Observing users interacting with your product or discussing their needs, problems, or desires can be incredibly impactful for building a successful product. I’m sure you know it and already doing it. But do you do it regularly? Do you involve your team in this process? How often do you present the insights?

Actions speak louder than words. There’s no substitute for actually seeing your users in action. Let’s be honest. No one pays attention to lengthy reports with dense paragraphs and slides. People’s attention spans are so short these days that you need to approach sharing information about your users and involving the team as if you are an internal community or event manager.
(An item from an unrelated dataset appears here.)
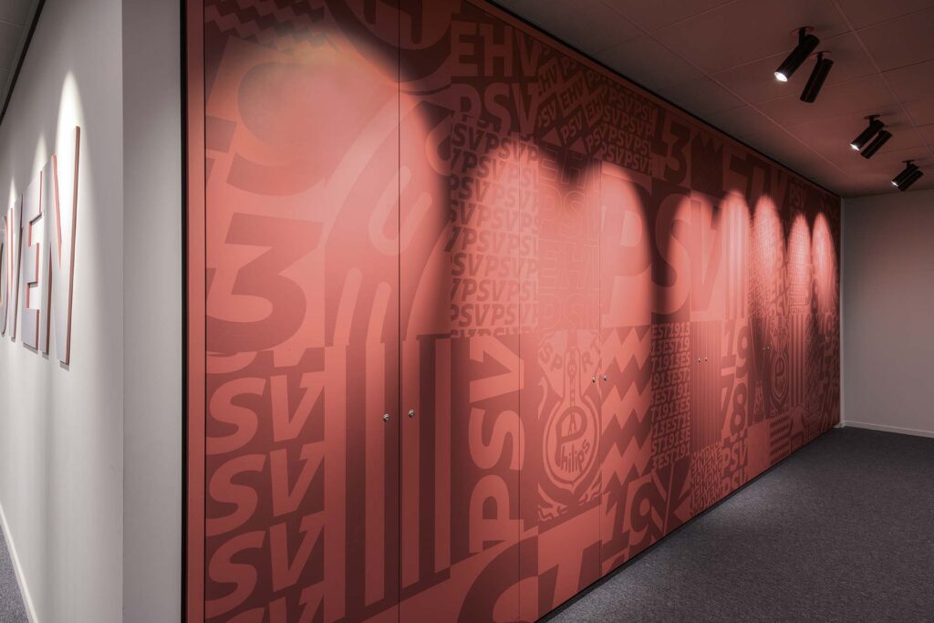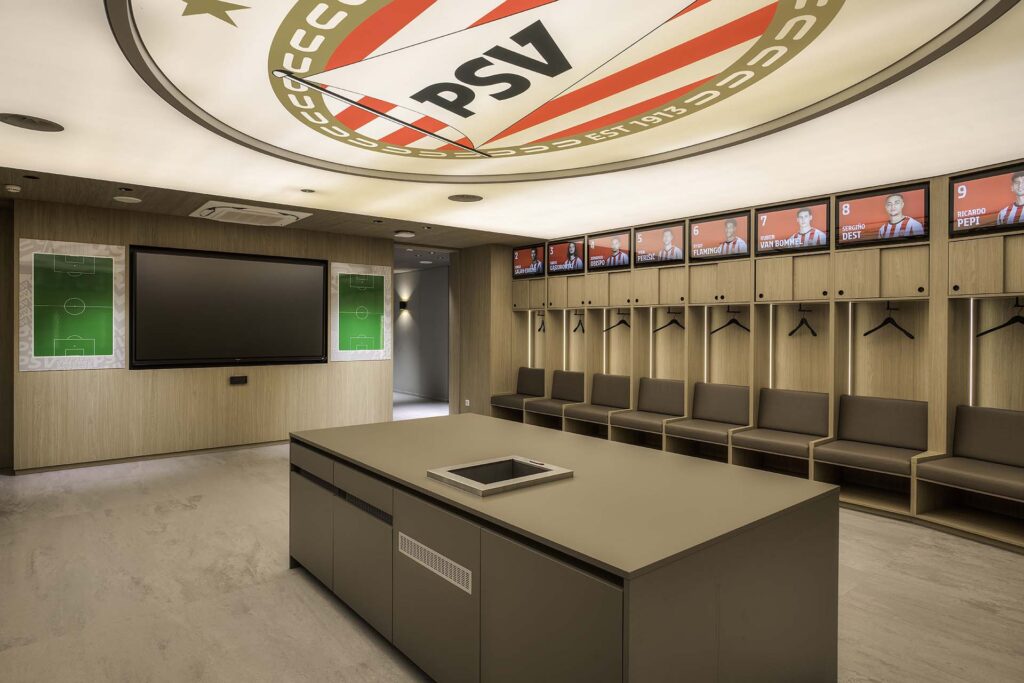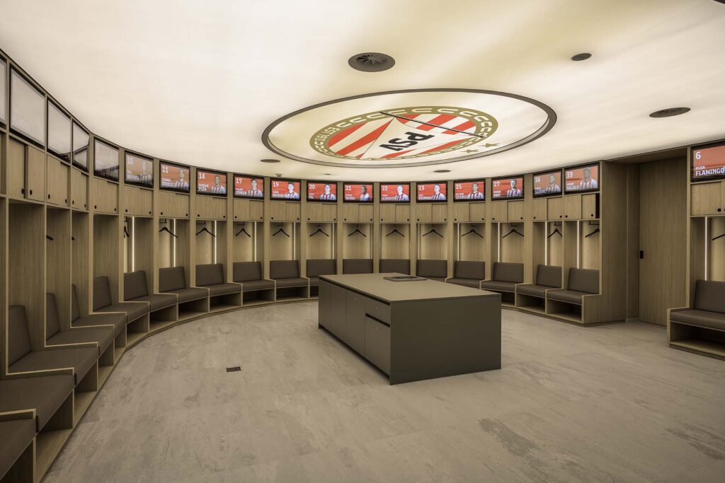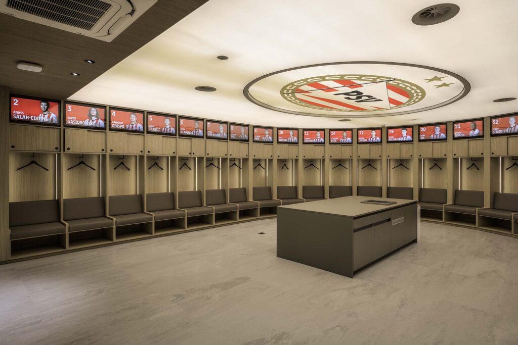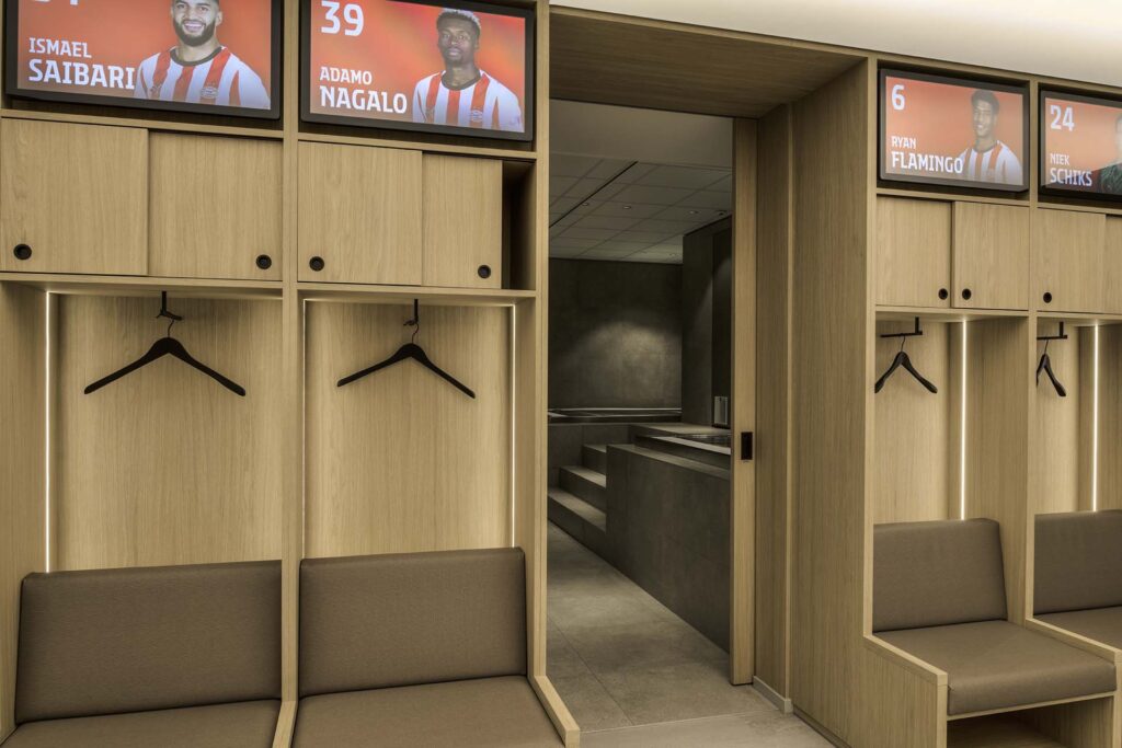De kleedlokalen zijn ontworpen in de herkenbare huisstijl van PSV en stralen professionaliteit en rust uit. Ze zijn uitgerust met hoogwaardige, gestoffeerde zitjes van Unilin, gecombineerd met slimme, functionele wandkasten en op maat gemaakte bureaus. Alles is tot in detail afgestemd op gebruiksgemak én uitstraling.

Frequency in the discovery process is key to generating insights regularly and keeping the ‘content machine’ moving:

At a minimum, weekly touchpoints with customers
By the team building the product
Where they conduct small research activities
In pursuit of a desired outcome

Teressa Torres about continuous discovery

Invite your teammates to the interviews

There are many reasons why you should involve your teammates and especially engineers, in the discovery process:

  • They will hear different insights because they have different perspectives.
  • They will help you test the idea in numerous ways, from building a prototype to provident necessary data.
  • They will challenge you by asking discomforting questions.
  • They will bring an analytical mindset to your product experiments
  • Delivery goes smoother when your teammates participate in the discovery process because they already have the context and knowledge of the user.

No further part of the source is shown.